Fol. Biol. 2020, 66, 179-185

Caenorhabditis elegans Perilipin Is Implicated in Cold-Induced Lipolysis and Inhibits Autophagy in Early Embryos

Filip Kaššák, A. A. Chughtai, S. Kaššák, M. Kostrouchová

Biocev, First Faculty of Medicine, Charles University, Vestec, Czech Republic

Received November 2020
Accepted December 2020

Animals use neutral lipids, particularly triacylglycerols (TAGs), to store energy. TAGs are universally organized into dynamic cytoplasmic structures called lipid droplets (LDs). In mammals TAG breakdown is catalysed by lipases, such as hormonesensitive lipase (HSL). LD membrane-resident proteins called perilipins (PLINs) regulate some of these lipases. The model organism Caenorhabditis elegans has a single known PLIN homologue and orthologues of most lipases including HSL. HOSL-1 (the HSL orthologue in C. elegans) is responsible for production of cryoprotective glycerol in cold conditions, in addition to its role in fasting-induced lipolysis. We employed this model of cold exposure to study the role of PLIN-1 in the regulation of HOSL-1. Our results suggest that both HOSL-1 and PLIN-1 are required for cold tolerance and for lipid breakdown in cold. However, the loss of PLIN-1 partially rescued the phenotype of hosl-1 null mutants exposed to cold, suggesting the presence of an alternative pathway generating glycerol via lipolysis. In early embryos, PLIN-1 knock-out results in accumulation of lipids and formation of cytoplasmic clusters of autophagic marker LGG-1, supporting the role of autophagy as an alternative lipolytic pathway in C. elegans, as is the case in mammals.
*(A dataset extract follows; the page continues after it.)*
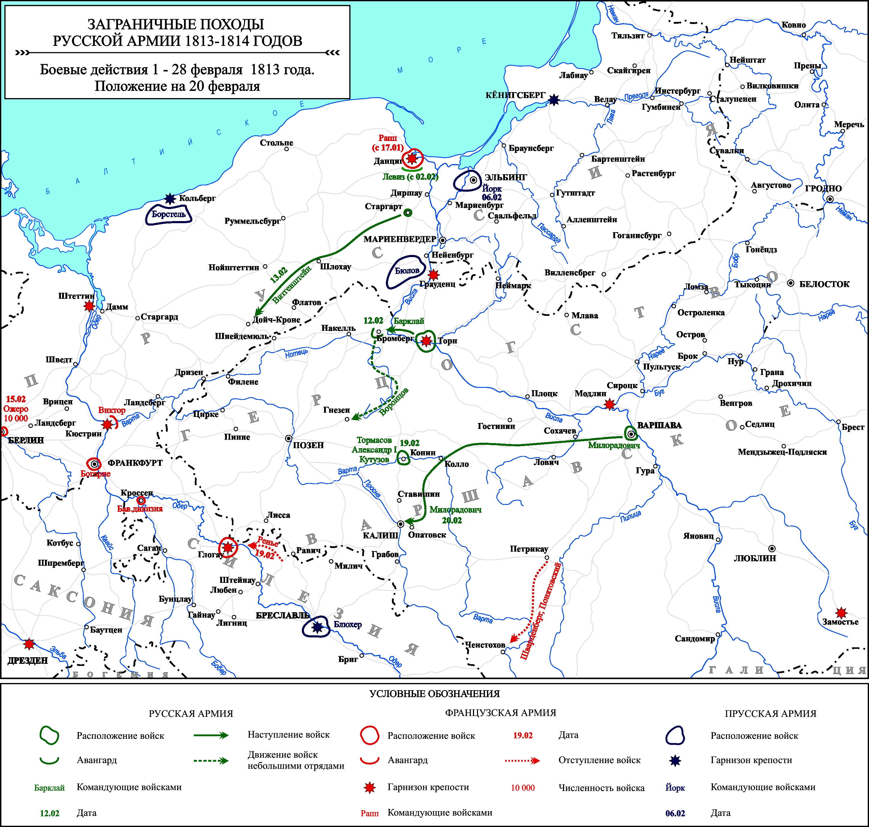 Заграничные походы Русской армии 1813-1814 гг. Положение на 20 февраля 1813 г.

This work was supported by the European Regional Development Fund (CZ.1.05/1.1.00/02.0109), the LQ1604 National Sustainability Programme II (Project BIOCEV-FAR) and project Biocev (CZ.1.05/1.1.00/02.0109) from the MEYS CR; and by the grants Progress Q26/LF11, SVV 260517/2020, SVV 260377/2017, and SVV 260257/2016 from Charles University.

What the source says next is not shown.